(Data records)
++++

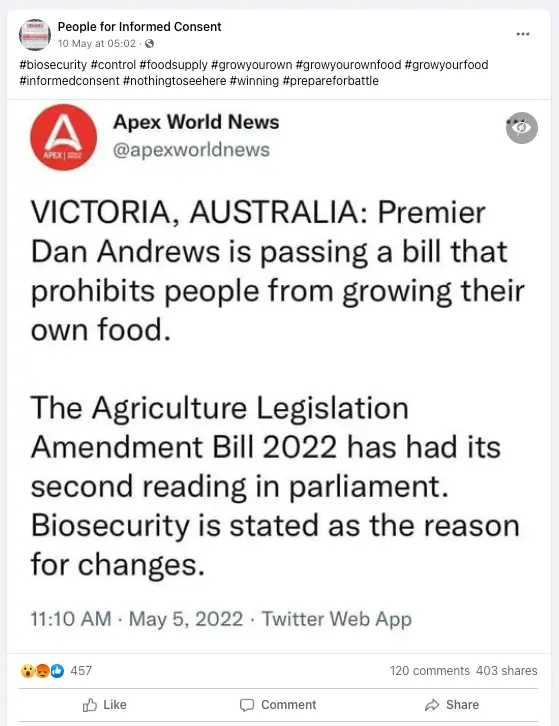 People for Informed Consent shared a social media post about a bill before the Victorian Legislative Assembly, which they have grossly misunderstood.
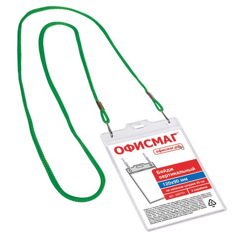 Бейдж вертикальный БОЛЬШОЙ (120х90 мм), на зеленом шнурке 45 см, 2 карабина, ОФИСМАГ, 235721
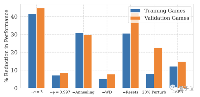 - 更高的卷积层重置强度:提高卷积层重置强度可以增大面向随机目标的扰动幅度,让模型表现更好并减少损失,BBF的重置强度增加后,扰动幅度从SR-SPR的20%提高到了50%
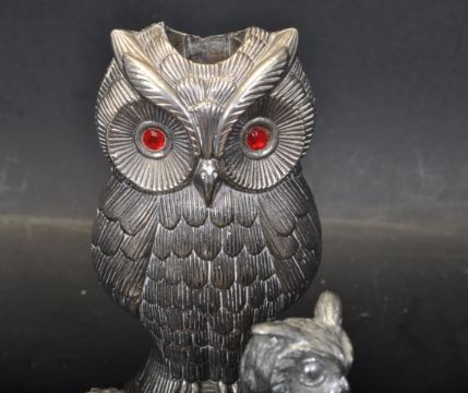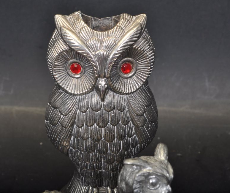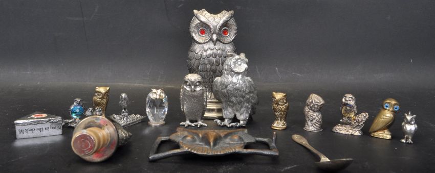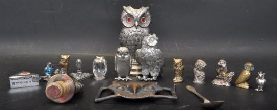A large collection of early 20th century and later owl ornaments comprising of a brass owl buckle, white metal owl ornament with red eyes, owl spoon, owl bottle stopper. and more.
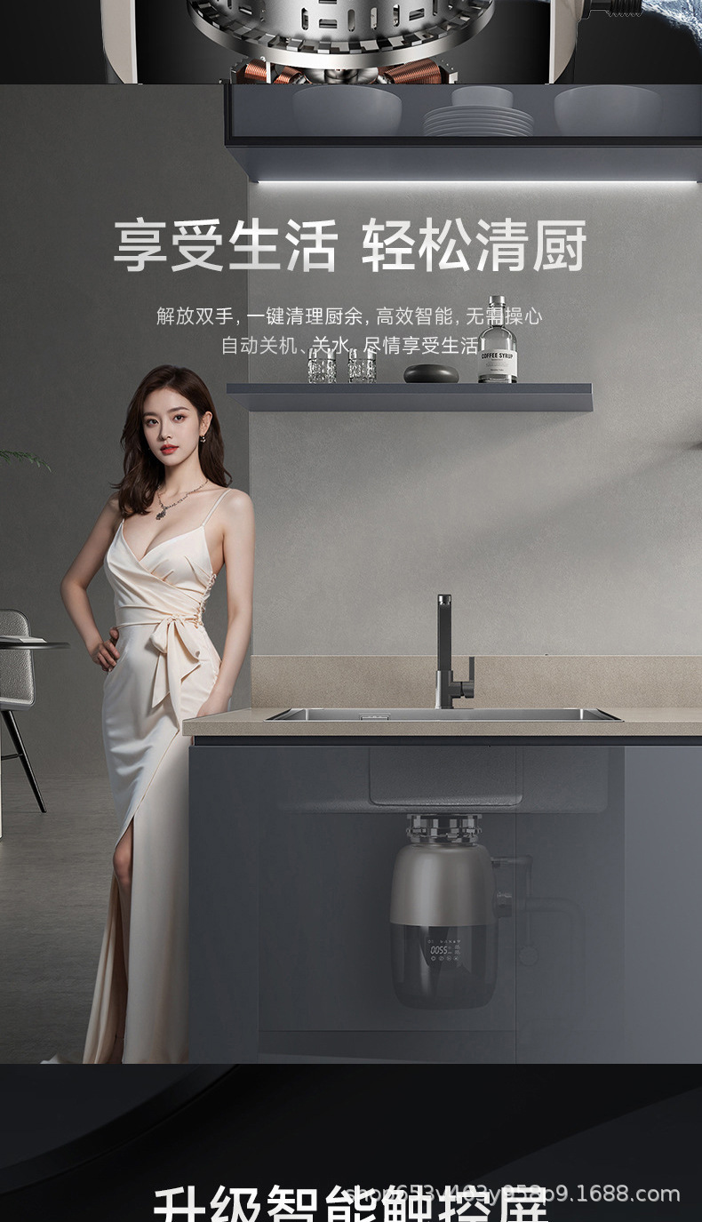 새로운 X30 DC 브러시리스 가변 주파수 고전력 영어 유럽 표준 음식물 쓰레기 처리 주방 하수구 싱크대스토어 가기
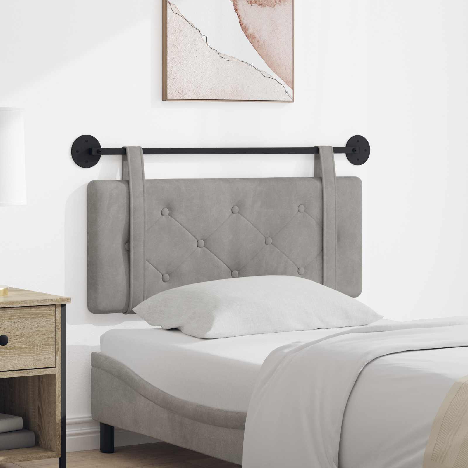 Moderen viseči vzglavnik dvigne vsako spalnico s svojim preprostim dizajnom in funkcionalnostjo. To je idealno za tiste, ki obožujejo estetski videz in prakso. Njegova pravokotna oblika in gumbkovan vzorec ne le, da se skladata s sodobnimi interjeri, ampak tudi ponujata prijetno ozadje za sprostitev. Mehko žametno oblazinjenje Nudi luksuzen občutek z mehkobo, ki je super za branje ali sproščanje. Njegova tekstura doda stil in udobje v vaš prostor. Okvir iz inženirskega lesa Nudi trdno podporo, obdrži pa lahkotnost. Pripravljen je za dolgotrajno uporabo, kar zagotavlja stabilnost vašega posteljnega seta. Gumbkovan vzorec Ta dizajn prinaša stilsko noto in dodatno udobje. Vsak gumb doda kanček elegance, kar vaše spalnice spremeni v prijetno zatočišče. Montaža na steno Zasnovan za stensko montažo, ta vzglavnik prihrani prostor in prinaša eleganten videz. Ponuja stabilnost in organizira vašo spalnico. Enostavno vzdrževanje Kratka navodila za nego. Preprosto ga obrišite s suho krpo, da ga ohranite čist in brez prahu.
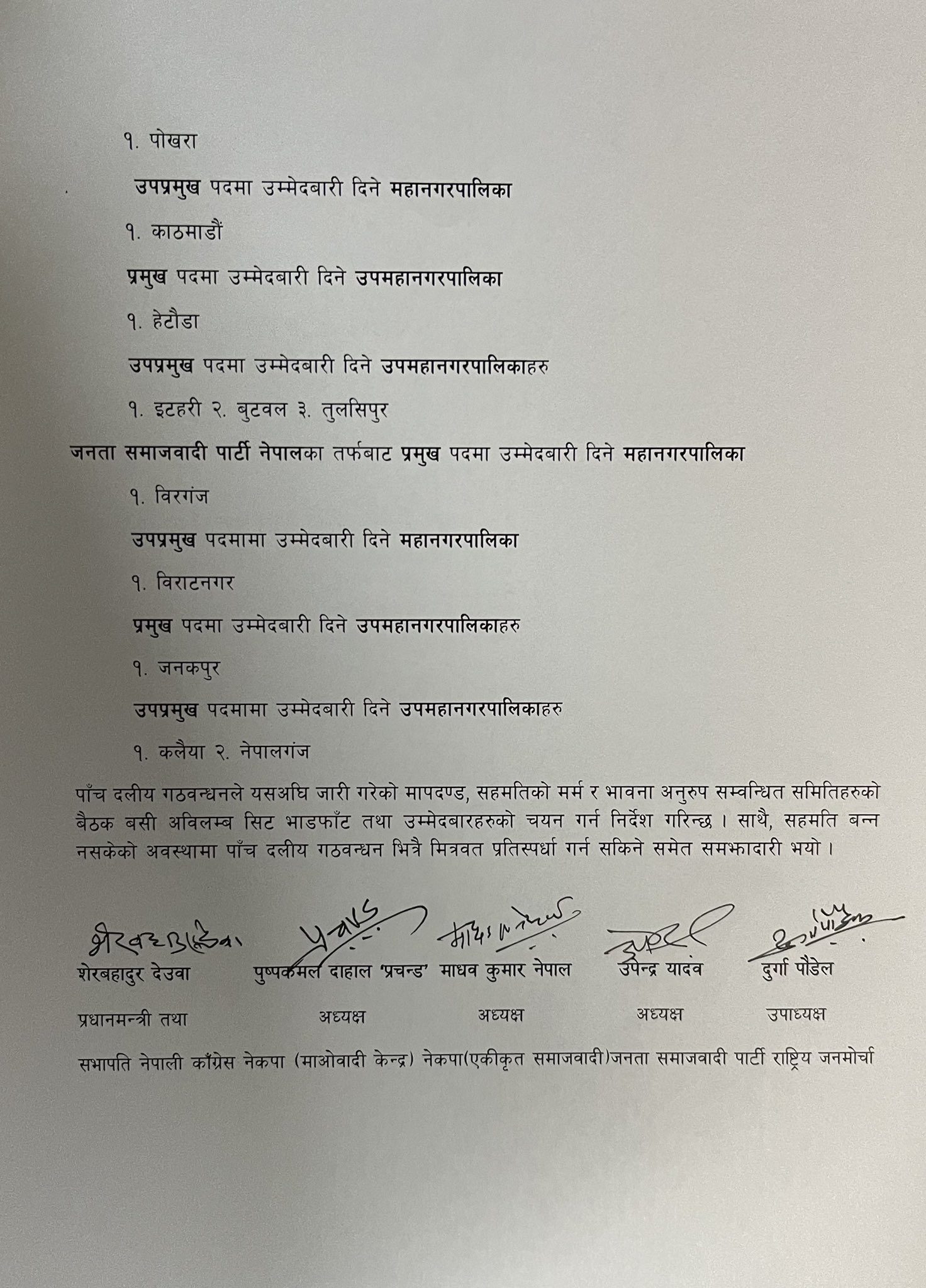 पाँच दलीय सत्ता गठबन्धनबीच वैशाख ३० गते हुने स्थानीय चुनावमा महानगर र उपमहानगरको भागबन्डा मिलेको छ।
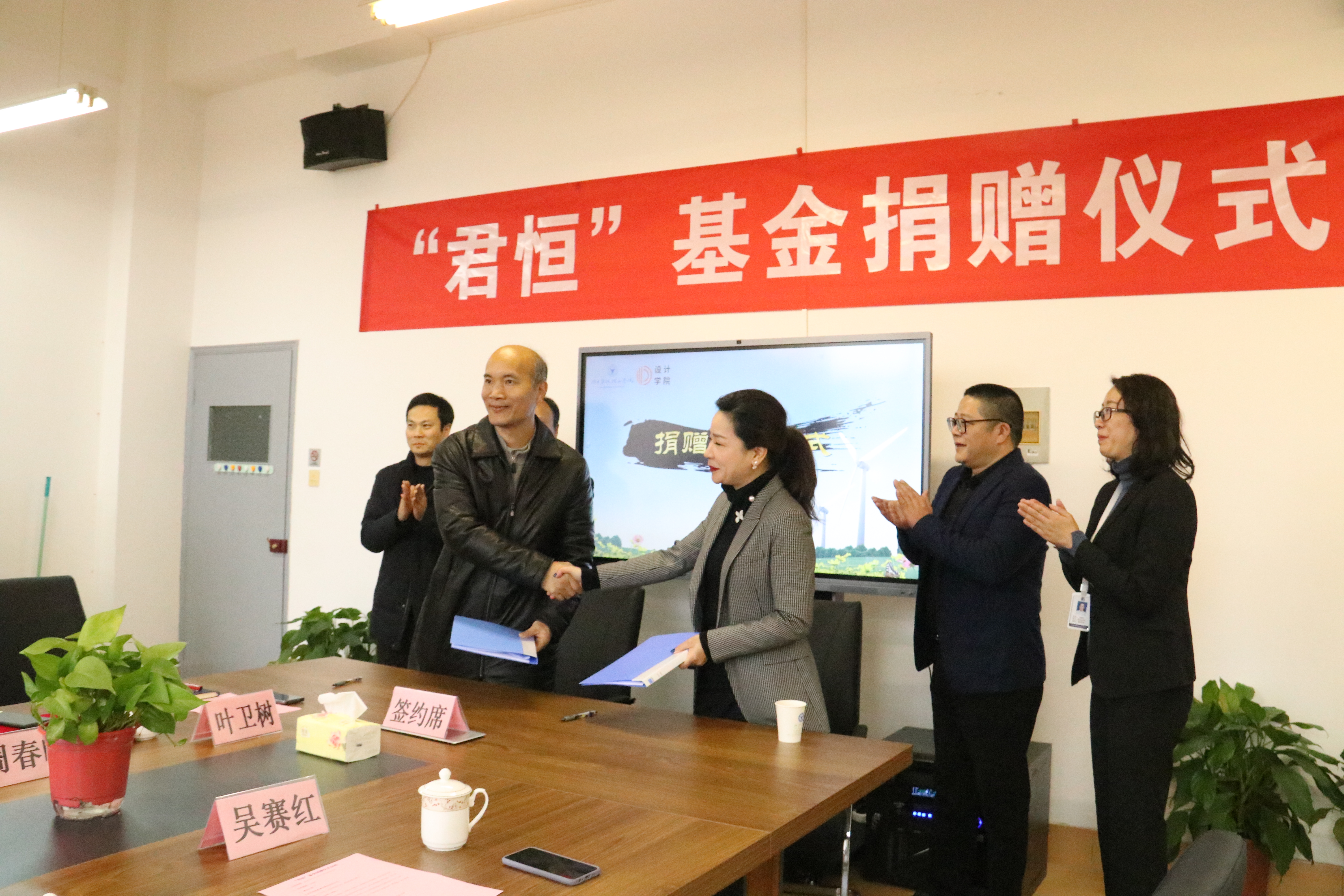 3月11日下午,设计学院在se306举行“君恒”基金捐赠仪式。宁波君恒智慧城市建设有限公司董事长王芳君,总经理周凤珠,副总经理吴赛红,学校党委副书记冯建波,相关部门负责人,设计学院师生代表出席仪式。捐赠仪式由设计学院党委书记吴春主持。
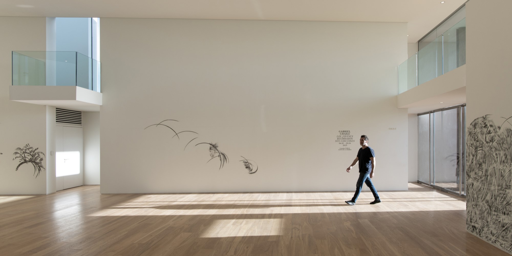 The project follows the asymmetrical shape of its site, a right triangle whose hypotenuse is distended in an arc some 50 meters in length. The building follows that precise shape, with the minimum allowable set back from the lot lines to generate the largest possible internal area and allowing a wide variety of pedestrian perspectives toward its sculptural form. Its two-story exterior is defined by a simple white wall to the north, a mostly glass façade to the east, where the main entrance is located behind a 6-meter-high monumental Corten steel pivot door, and to the south, a large wall of monumental granite blocks hewn with the traditional method of the Incas. Being the main façade of the project, this curved, slightly inclined and monolithic element presents a quasi-geological shape that over time will assume an increasingly naturalistic patina.
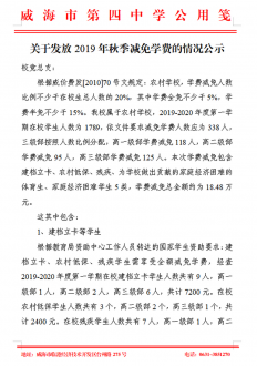 关于发放2019年秋季减免学费的情况公示 2019-11-07 -

++++

REQUIREMENT: Output all the entries exactly, minus any pictures.

OUTPUT:
 People for Informed Consent shared a social media post about a bill before the Victorian Legislative Assembly, which they have grossly misunderstood.
 Бейдж вертикальный БОЛЬШОЙ (120х90 мм), на зеленом шнурке 45 см, 2 карабина, ОФИСМАГ, 235721
 - 更高的卷积层重置强度:提高卷积层重置强度可以增大面向随机目标的扰动幅度,让模型表现更好并减少损失,BBF的重置强度增加后,扰动幅度从SR-SPR的20%提高到了50%
A large collection of early 20th century and later owl ornaments comprising of a brass owl buckle, white metal owl ornament with red eyes, owl spoon, owl bottle stopper. and more.
 새로운 X30 DC 브러시리스 가변 주파수 고전력 영어 유럽 표준 음식물 쓰레기 처리 주방 하수구 싱크대스토어 가기
 Moderen viseči vzglavnik dvigne vsako spalnico s svojim preprostim dizajnom in funkcionalnostjo. To je idealno za tiste, ki obožujejo estetski videz in prakso. Njegova pravokotna oblika in gumbkovan vzorec ne le, da se skladata s sodobnimi interjeri, ampak tudi ponujata prijetno ozadje za sprostitev. Mehko žametno oblazinjenje Nudi luksuzen občutek z mehkobo, ki je super za branje ali sproščanje. Njegova tekstura doda stil in udobje v vaš prostor. Okvir iz inženirskega lesa Nudi trdno podporo, obdrži pa lahkotnost. Pripravljen je za dolgotrajno uporabo, kar zagotavlja stabilnost vašega posteljnega seta. Gumbkovan vzorec Ta dizajn prinaša stilsko noto in dodatno udobje. Vsak gumb doda kanček elegance, kar vaše spalnice spremeni v prijetno zatočišče. Montaža na steno Zasnovan za stensko montažo, ta vzglavnik prihrani prostor in prinaša eleganten videz. Ponuja stabilnost in organizira vašo spalnico. Enostavno vzdrževanje Kratka navodila za nego. Preprosto ga obrišite s suho krpo, da ga ohranite čist in brez prahu.
 पाँच दलीय सत्ता गठबन्धनबीच वैशाख ३० गते हुने स्थानीय चुनावमा महानगर र उपमहानगरको भागबन्डा मिलेको छ।
 3月11日下午,设计学院在se306举行“君恒”基金捐赠仪式。宁波君恒智慧城市建设有限公司董事长王芳君,总经理周凤珠,副总经理吴赛红,学校党委副书记冯建波,相关部门负责人,设计学院师生代表出席仪式。捐赠仪式由设计学院党委书记吴春主持。
 The project follows the asymmetrical shape of its site, a right triangle whose hypotenuse is distended in an arc some 50 meters in length. The building follows that precise shape, with the minimum allowable set back from the lot lines to generate the largest possible internal area and allowing a wide variety of pedestrian perspectives toward its sculptural form. Its two-story exterior is defined by a simple white wall to the north, a mostly glass façade to the east, where the main entrance is located behind a 6-meter-high monumental Corten steel pivot door, and to the south, a large wall of monumental granite blocks hewn with the traditional method of the Incas. Being the main façade of the project, this curved, slightly inclined and monolithic element presents a quasi-geological shape that over time will assume an increasingly naturalistic patina.
 关于发放2019年秋季减免学费的情况公示 2019-11-07 -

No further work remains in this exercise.